Every record is to be printed exactly as written, and any picture in it is skipped.

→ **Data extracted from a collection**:
┌──

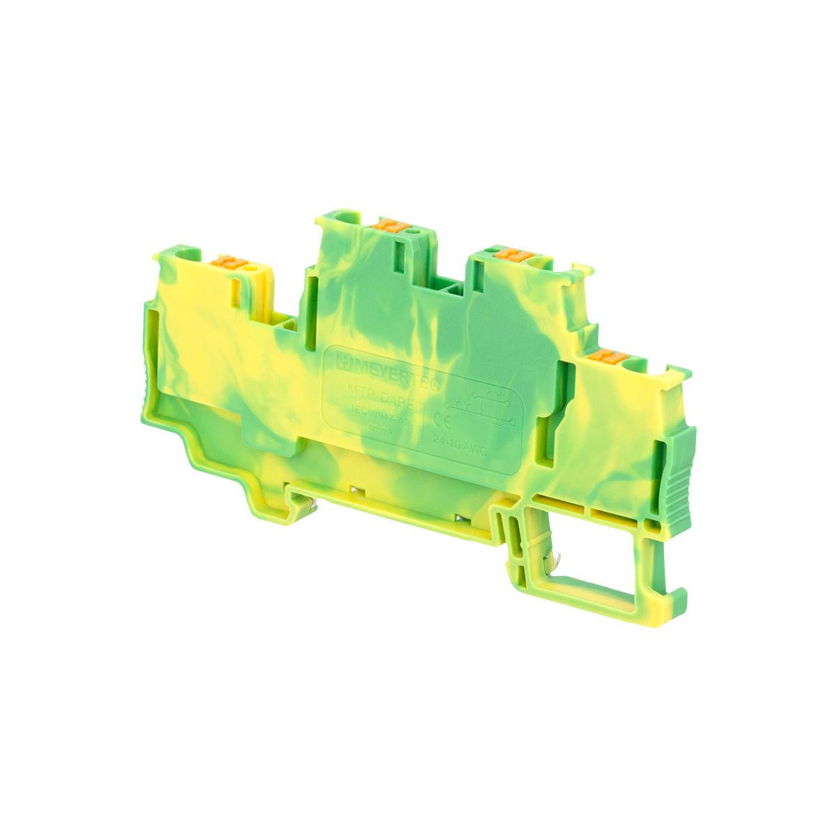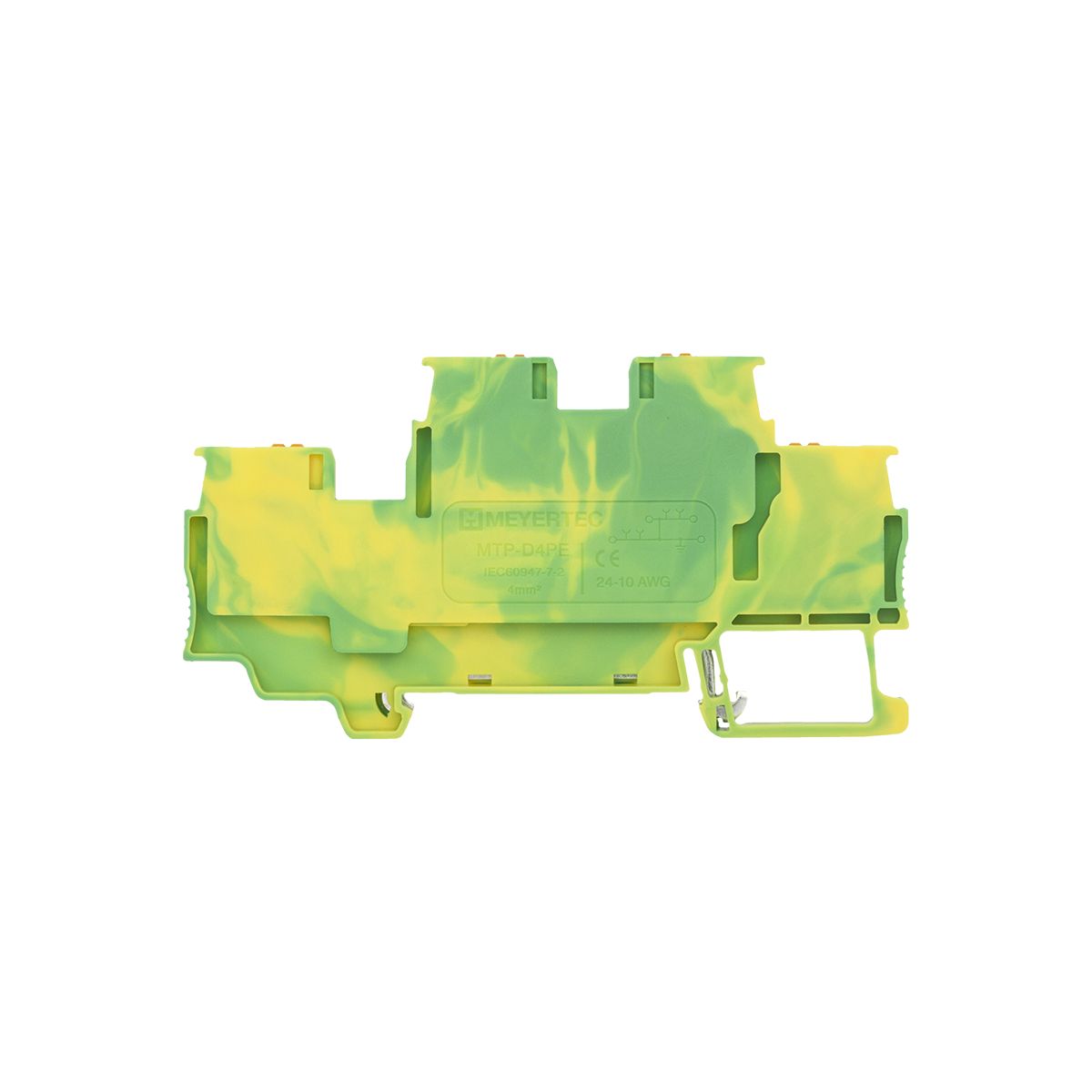 Заземляющие двухуровневые push-in клеммы MTP-D4PE применяются для подключения защитных заземляющих проводников. Клемма фиксируется на DIN-рейке простым защелкиванием без использования инструментов.
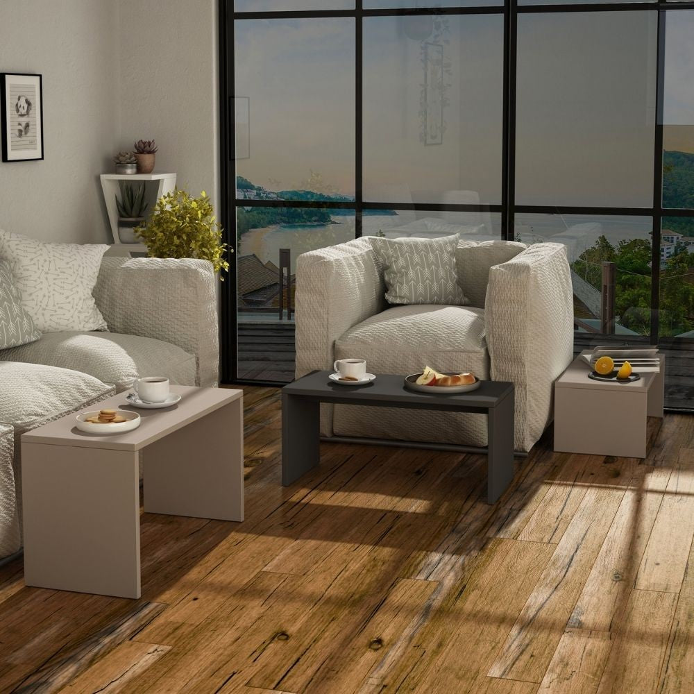 Lot de 3 tables basses Kanta gris tourterelle anthracite
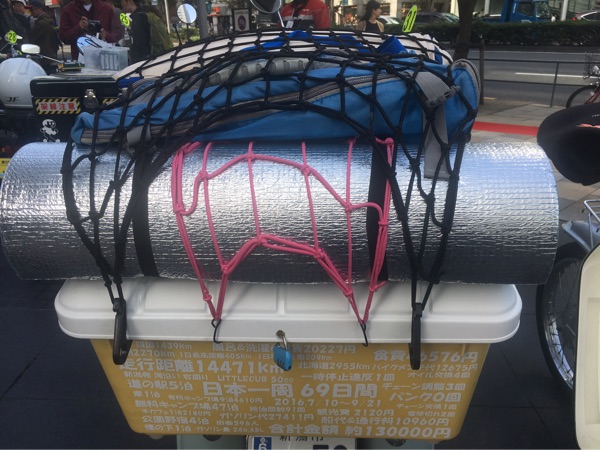 私と同じ赤いクロスカブのオーナーさんは、一年前にここで知り合い、いろいろお話させてもらい、その後もFacebook上で交流をさせてもらっている方なのだが、人より先にバイクを見つけてしまった。ステッカーも増えている。郵政カブが積んでいる巨大リアケースゆえ、年末になると待ちゆく人から年賀状託されそうになったりするらしい。今回もタイヤ交換のことなどいろいろアドバイスいただいた。
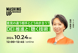 10月24日(木)12時より、MASHING UP 無料セミナー Vol.17「意見の違う相手とどう向き合う?DEI推進と『聴く技術』」をオンラインにて開催します。
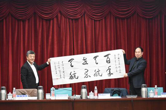 总结汇报及交流座谈会的召开恰逢中交天津航道局有限公司120年华诞,会议正式开始前,黄立宏代表学校,水利学院常务副院长胡旭跃代表学院向中交天津航道局有限公司赠送了“百年天航  世界天航”书法礼品和湘绣礼品。
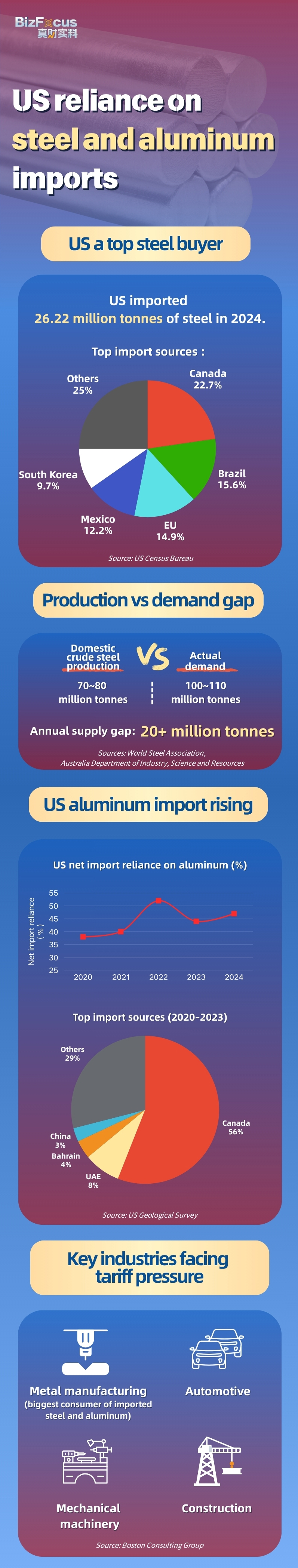 The US announced on Tuesday that it will increase tariffs on steel and aluminum imports from 25 percent to 50 percent, effective June 4, 2025. As one of the world's largest steel importers and a country that relies on imports for 47 percent of its aluminum supply, the tariff hike will raise costs and exert pressure on critical sectors such as metal manufacturing, automotive, and construction. Refer to the poster for more details.
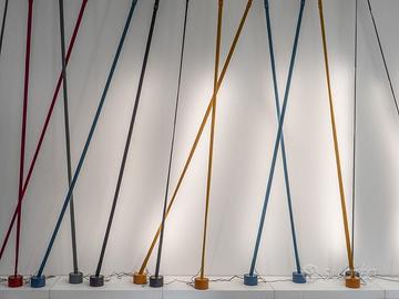 NUOVA IN VENDITA LAMPADA Elastica lamp DI Martinelli Luce. ELASTICA È UNA LAMPADA INNOVATIVA PROGETTATA DA Studio Habits PER Martinelli Luce, CARATTERIZZATA DA UNA STRISCIA IN TESSUTO ELASTICO CHE COLLEGA SOFFITTO E PAVIMENTO. LA LUCE LED INTEGRATA È DIMMERABILE E SI CONTROLLA CON UN SEMPLICE GESTO: TIRANDO O MUOVENDO LA STRISCIA SI ACCENDE E SI REGOLA L’INTENSITÀ. OGGETTO DI DESIGN INTERATTIVO E CONTEMPORANEO, CHE UNISCE LUCE, MOVIMENTO E SPERIMENTAZIONE SENSORIALE.

└──

→ **Answer section**:
 Заземляющие двухуровневые push-in клеммы MTP-D4PE применяются для подключения защитных заземляющих проводников. Клемма фиксируется на DIN-рейке простым защелкиванием без использования инструментов.
 Lot de 3 tables basses Kanta gris tourterelle anthracite
 私と同じ赤いクロスカブのオーナーさんは、一年前にここで知り合い、いろいろお話させてもらい、その後もFacebook上で交流をさせてもらっている方なのだが、人より先にバイクを見つけてしまった。ステッカーも増えている。郵政カブが積んでいる巨大リアケースゆえ、年末になると待ちゆく人から年賀状託されそうになったりするらしい。今回もタイヤ交換のことなどいろいろアドバイスいただいた。
 10月24日(木)12時より、MASHING UP 無料セミナー Vol.17「意見の違う相手とどう向き合う?DEI推進と『聴く技術』」をオンラインにて開催します。
 总结汇报及交流座谈会的召开恰逢中交天津航道局有限公司120年华诞,会议正式开始前,黄立宏代表学校,水利学院常务副院长胡旭跃代表学院向中交天津航道局有限公司赠送了“百年天航  世界天航”书法礼品和湘绣礼品。
 The US announced on Tuesday that it will increase tariffs on steel and aluminum imports from 25 percent to 50 percent, effective June 4, 2025. As one of the world's largest steel importers and a country that relies on imports for 47 percent of its aluminum supply, the tariff hike will raise costs and exert pressure on critical sectors such as metal manufacturing, automotive, and construction. Refer to the poster for more details.
 NUOVA IN VENDITA LAMPADA Elastica lamp DI Martinelli Luce. ELASTICA È UNA LAMPADA INNOVATIVA PROGETTATA DA Studio Habits PER Martinelli Luce, CARATTERIZZATA DA UNA STRISCIA IN TESSUTO ELASTICO CHE COLLEGA SOFFITTO E PAVIMENTO. LA LUCE LED INTEGRATA È DIMMERABILE E SI CONTROLLA CON UN SEMPLICE GESTO: TIRANDO O MUOVENDO LA STRISCIA SI ACCENDE E SI REGOLA L’INTENSITÀ. OGGETTO DI DESIGN INTERATTIVO E CONTEMPORANEO, CHE UNISCE LUCE, MOVIMENTO E SPERIMENTAZIONE SENSORIALE.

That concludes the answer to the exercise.